A delicious starter from Ruth Watson’s ” The Really Helpful Cookbook”.
Ingredients
- 500 g squid ( including tentacles) prepared
- 1 425g can chickpeas drained and rinsed
- 2 plump garlic cloves peeled and crushed
- a thumb sized knob ginger peeled and roughly chopped
- 2 lvl tsps Sambal Manis or 1 tsp chilli sauce and 1 tsp dark soy sauce
- 1 handful fresh coriander leaves and stalks
- 150 ml groundnut oil
- a handful salad leaves or watercress dressed
- a little Collona lemon oil or extra virgin olive oil
- a small handful flat leaf parsley chopped
Servings:
Instructions
- Cut the squid bodies into roughly 7 cm square pieces. If the squid is quite thick lightly crisscross the inside surface with the point of a small sharp knife to help stop it curling. Cut any long tentacles into shorter pieces. Refrigerate until needed.
- Tip the chickpeas into a food processor together with the garlic, ginger, sambal manis, coriander and half the groundnut oil. Whizz for 30 seconds or so, then scrape down the sides.
- Now, using the pulse button, add more oil bit by bit until you have a slightly rough textured but soft and creamy mass.
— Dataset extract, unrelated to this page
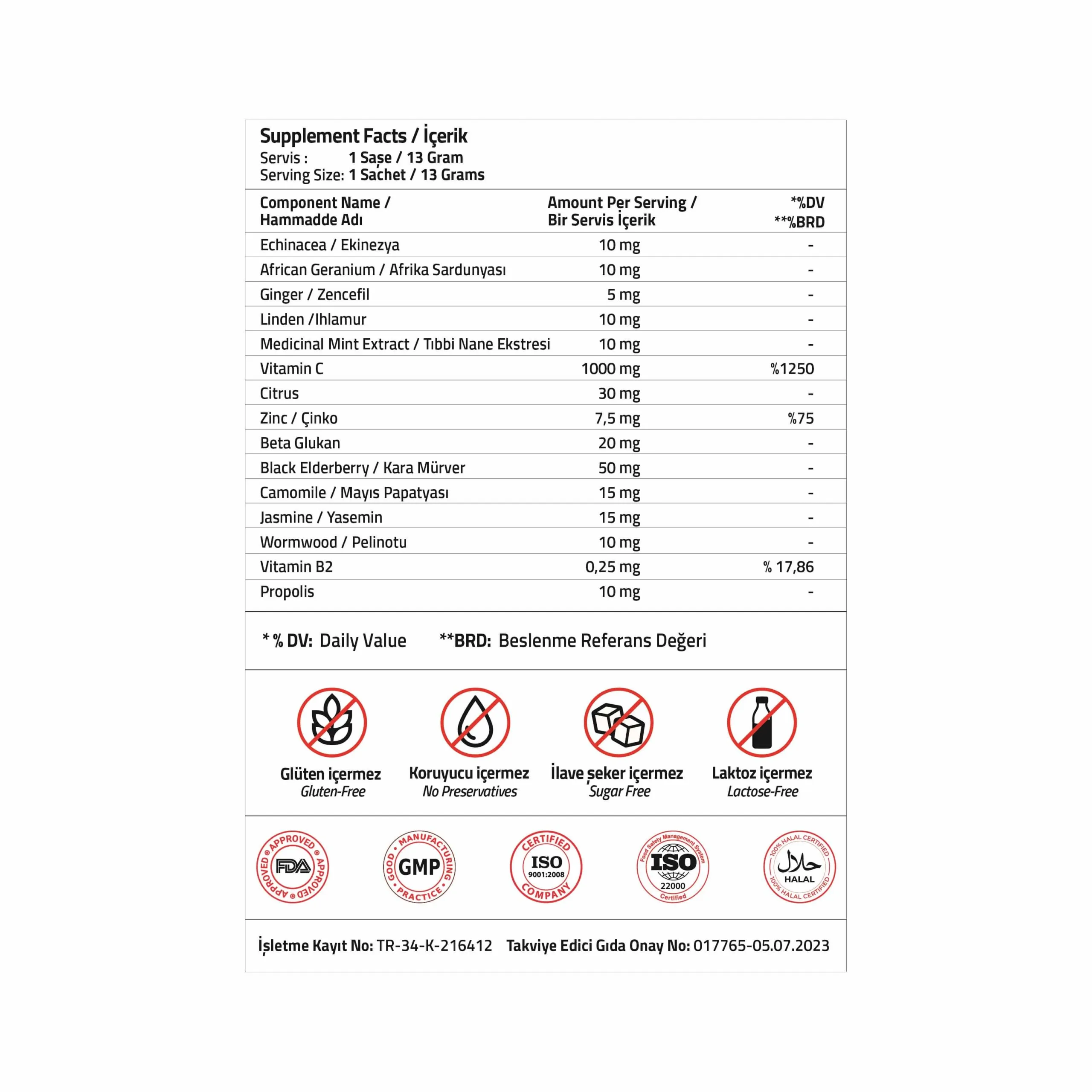 Takviye Edici Gıda Onay No: 017765 – 05.07.2023

Season to taste with a generous amount of salt and pepper.
- Dollop some hummus on to each plate and garnished with a handful of dressed salad leaves or watercress just before you cook the squid.
- Heat a griddle pan over a very high heat until it is searingly hot. Toss the squid in a little groundnut oil and season with salt and pepper.
- Drop half of the squid into the pan and cook for no more than 90 seconds in total, turning the pieces with a pair of tongs. Any longer and it will toughen.
- As soon as the squid is opaque remove it, then cook the second batch.
- Pile the squid on top of the hummus and drizzle over a little lemon oil or olive oil. Scatter on some parsley and serve immediately.